Marketing company in the United States

KS&R is a nationally recognized strategic consultancy and marketing research firm specializing in Business Services, Entercom & Recreation, Healthcare, Retail & E-Commerce, Technology, and Transportation & Logistics.

The Firm is privately held and headquartered in Syracuse, New York. KS&R serves clients globally in more than 100 countries and in over 50 languages.

== History ==
KS&R was founded in 1983 as a spin-off of the Syracuse Research Corporation (SRC), a not-for-profit corporation.

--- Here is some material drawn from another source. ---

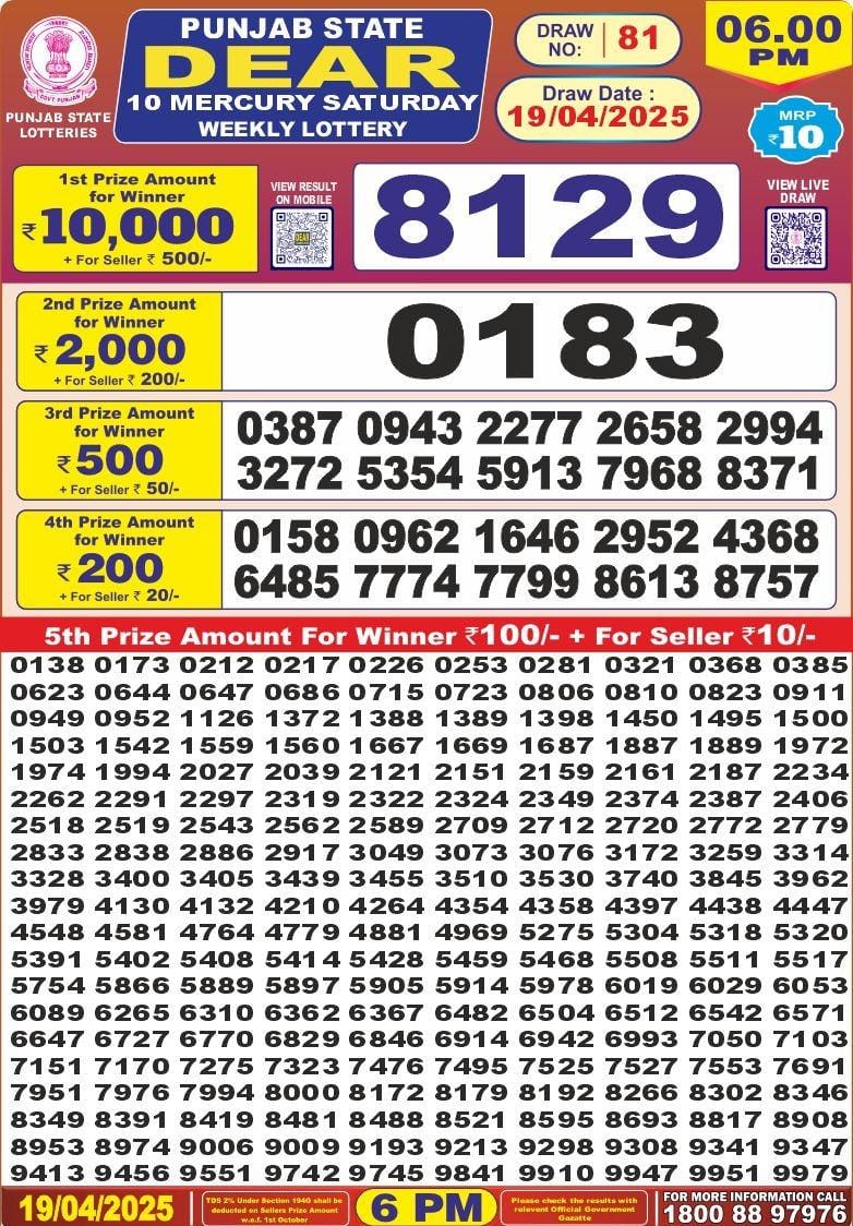 Punjab state dear 10 mercury Saturday weekly lottery 6 pm result 19-4-25
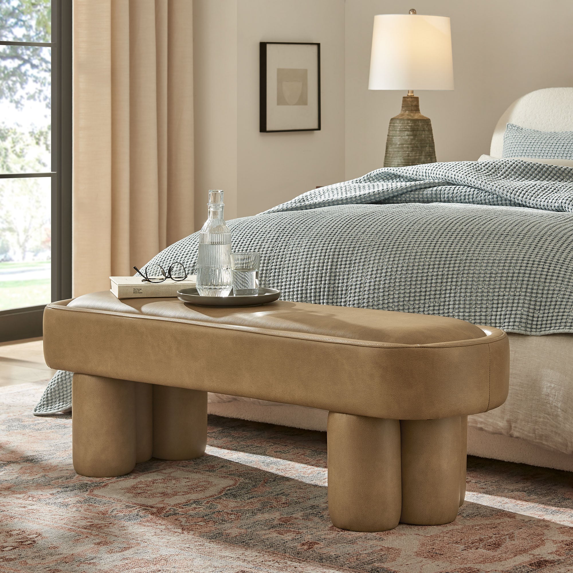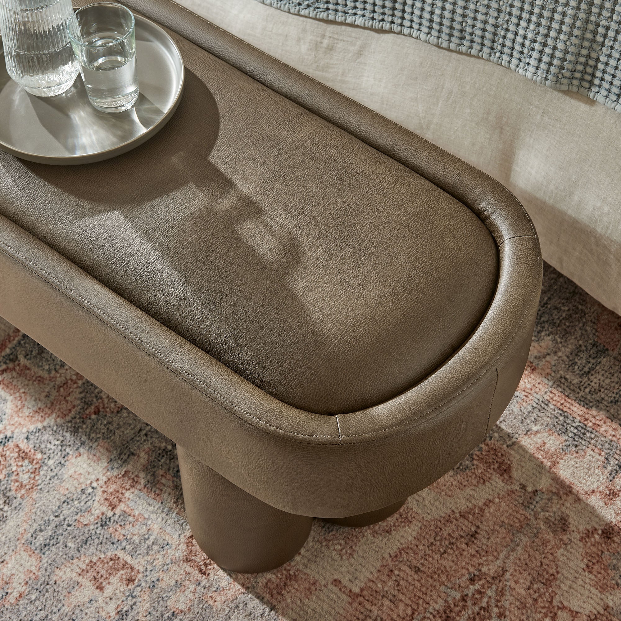 Mossi 52-Inch Oval Vegan Leather Bench in Toast

In 1985, KS&R began operating INSITE, an in-house contact center for survey research with 110 desks.

According to Marketing News magazine, since 2007 KS&R has been among the 50 largest market research firms, listed by revenue generated in the U.S. In 2012 the company was named the number one market research firm in the country for customer satisfaction by the Survey of Market Research Supplier Quality and Value by Prevision Corporation and Inside Research.

KS&R offers strategic consulting, brand building, and market sensing. Recently, KS&R has expanded its knowledge base with its new Experience Lab known as Tumble and Buyer Persona Institute (BPI), a division of KS&R that was founded in 2010 to give B2B companies insight into what their prospective customers need to know and experience before they will buy.